Lawmakers could have attempted to shut off funding for the war, but they didn't. So now they have a duty, just as important, to the tens of thousands of soldiers who are fighting in Iraq and Afghanistan: Pass a spending bill the president will sign.

The legislation heading to the president has another problem: It is bloated with pork-barrel spending. That was a political strategy: Larding the bill with billions in parochial spending rendered it harder for members to oppose.

But U.S. forces on the ground now need around $100 billion to pursue the wars in Afghanistan and Iraq. They don't need $25 million for spinach growers, as the current House bill provides. They don't need $74 million for peanut storage.
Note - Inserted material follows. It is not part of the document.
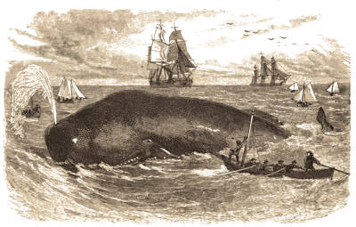 The last whale! How many pleasant recollections are associated with this landmark in the voyage! How many congratulations were exchanged among us, and how many smart things said! Sweethearts and wives are especially remembered, for both married and single are in high feather, and this is emphatically a red-letter day in the Arethusa's calendar. The work of cutting goes bravely on, amid a running fire of good-natured remarks and spicy jokes, which, of course, between the regular "natives" bear something of a personal character; for every true knight of the island chivalry in those days had his "ladie-love," whose image, held in fond remembrance, fired his heart and nerved his arm in his perilous encounters with leviathan. Each of our Nantucketers, on occasions like this, called to mind some fair face and form, his life-partner, either in esse or in posse; all had either wives to maintain or wives to obtain. The captain himself is not slow to take part in this badinage, for we are cutting the last whale now, and it is a time to waive the little restraints of rank.

They don't need $283 million for dairy farmers. They don't need $5 million to compensate shellfish producers.

A stalemate between the president and Congress on a war spending bill of this magnitude carries imminent dangers. Defense Secretary Robert Gates has warned that failure to pass a funding bill soon would force the Army to delay training of units and halt the repair of vital equipment. Bush has said that troops and their families will face "significant disruptions" if a bill isn't signed into law by April 15.

Ultimately, lawmakers may decide to halt all spending on the war. These votes stand as a sharp warning to Bush that Congress has far less patience than he when it comes to Iraq's leaders and the painfully slow pace of progress. For the moment, neither side appears ready to budge. Both are digging in for a huge political battle over the best way to pressure Iraqi leaders to make the tough moves imperative to secure their country. So be it.

Meanwhile, however, there's a war on. Lawmakers need to strip out the political pork and drop the hard-and-fast deadlines to bring the troops home.

American forces aren't bargaining chips for politicians. And shortchanging soldiers and their families isn't a strategy for ending the war. It's intolerable.

Democrats lack the courage or the political support to do what they want so they have chosen to make the troops bargaining chips and some have sold them out for pork. This profile in craven cowardice should haunt Democrats for elections to come.